Tag Archive: corrugatediron

A Different World: Three Use Cases For Riak

Writing and deploying an application is pretty easy, there’s a process to follow that will get you most of the way there. The tricky part is getting the business logic down. But this isn’t about writing code, this is about what happens once you have an application out in the wild. The tricky part comes when you have to grow with your application. There are some tricky parts of keeping an application up and running. Things get complicated when you start trying to add complex functionality for your data. For those of us who use SQL Server there are a lot of options within SQL Server, but some of them require a seasoned DBA, expensive features, or both.

Durability

Making sure your data sticks around is important.
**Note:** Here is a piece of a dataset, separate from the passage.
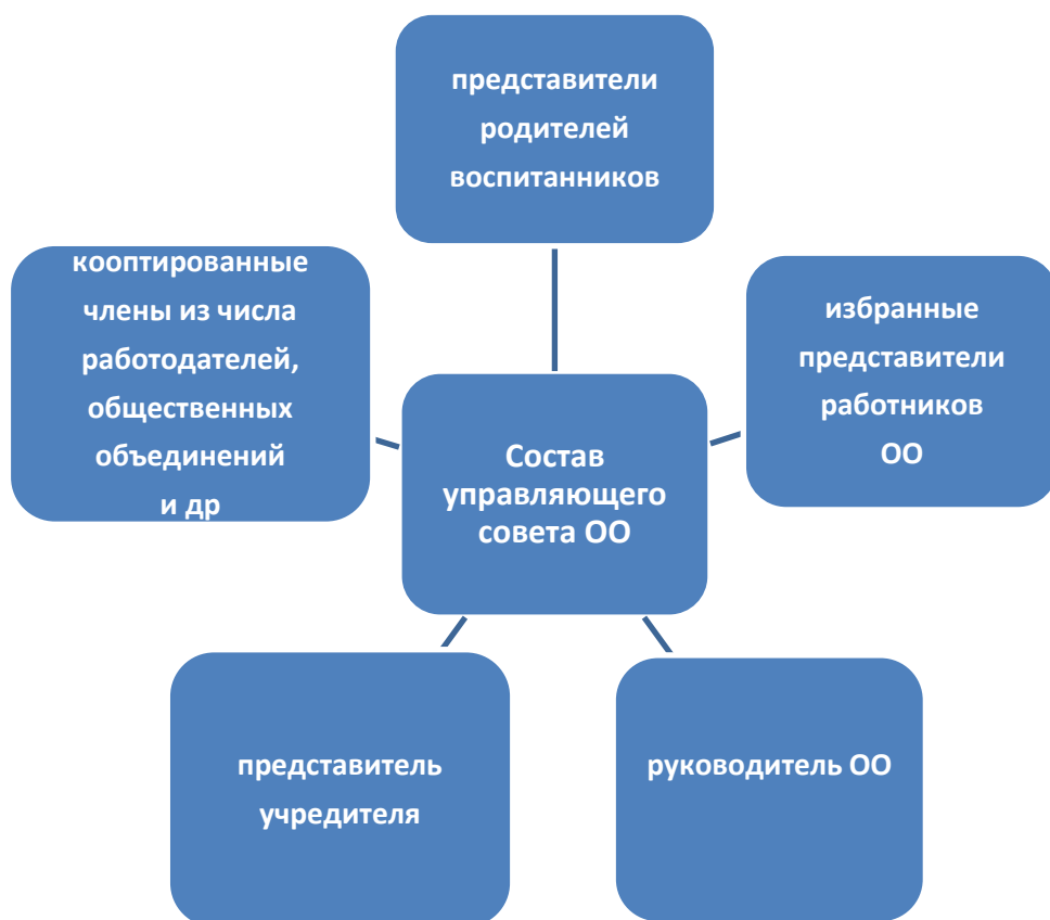
Рис. 2 – Состав управляющего совета ОО

некоммерческих организаций, заинтересованных в функционировании и развитии образовательной организации [22].

Losing data can be catastrophic for a business. Even if you have a backup, it can take hours or even days, to restore your database and verify that everything is back up and running. That doesn’t even include the possibility that a backup is corrupted and you won’t be able to bring your database online. Or, worse yet, you could lose your SAN completely. Durability is important.
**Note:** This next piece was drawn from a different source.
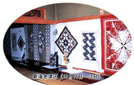
新海老津区 (11月11日～13日)

昨年 （1997年） の文化の日の前後、多くの自治区公民館で文化祭が開 催されました。 会場は、舞踊、民謡を始め水墨画、パッチワーク、盆栽な ど数多くの作品が展示され、訪れた人は芸術の秋にふさわし い素晴らしい作品に見入っておられました。（中央公民館に 提出された写真のみ掲載）

With SQL Server it’s possible to set up a cluster, mirroring, or replication to provide a second copy of your data for readability. These three solutions all require knowledge of some specialized features of SQL Server. Keeping each of these features up and running requires some knowledge, planning, set up, and monitoring. None of it is easy, some of it’s hard, and some features even need a lot of care and feeding to stay up and running. DBAs tell horror stories about hand feeding replication for days to get it up and running again after a catastrophic failure; it’s almost a badge of honor. Here’s the thing: none of this should be difficult. One way data durability (mirroring, transactional replication) is limited in its functionality – reads can happen everywhere, but writes can only happen in one place. If the master server goes down, it can be difficult to switch the master server around.

Durability problems plague DBAs every day, whether they know it or not. I spent a lot of time trying to solve my durability problems by configuring replication or log shipping and building complex application logic to support the possibility of multiple write locations. I later solved the problem by using Riak. One of the main benefits of Riak is the availability and fault tolerance it provides. That is: it’s durable as all get out. Data isn’t written to one place, it’s written to several places at once; writes won’t succeed unless more than one server responds that a write is successful. In a way, it’s like a really fancy version of database mirroring or SQL Server Denali’s Availability Groups feature that you can have right now.

When a server in a Riak cluster eventually fails, as hardware always does, you could recover it using a filesystem backup. Riak will handle making sure everyone has the right data by using a very cunning technique called read repair. If the server completely fails the other option is to simply replace it. You tell the cluster of servers that one server is gone and another server is taking its place. The cluster then figures out how to perform recovery or redistribute the data. It’s a lot less painful than shipping full database backups or replication snapshots across the data center or even across the country.

Latency

Relational database, and SQL Server in particular, use B+trees indexes to store data. B+trees provide reasonably fast look ups of data (any lookup of a single row will need to traverse the same number of pages on disk as any other lookup). By contrast, inserting data into a B+tree is not always particularly fast – page splits may occur, forcing data to be shuffled around on disk and moving things out of order could require intermediate pages to be updated. Because of the B+tree structure, many SQL Server DBAs advocate using an ordered, constantly increasing key for clustered indexes.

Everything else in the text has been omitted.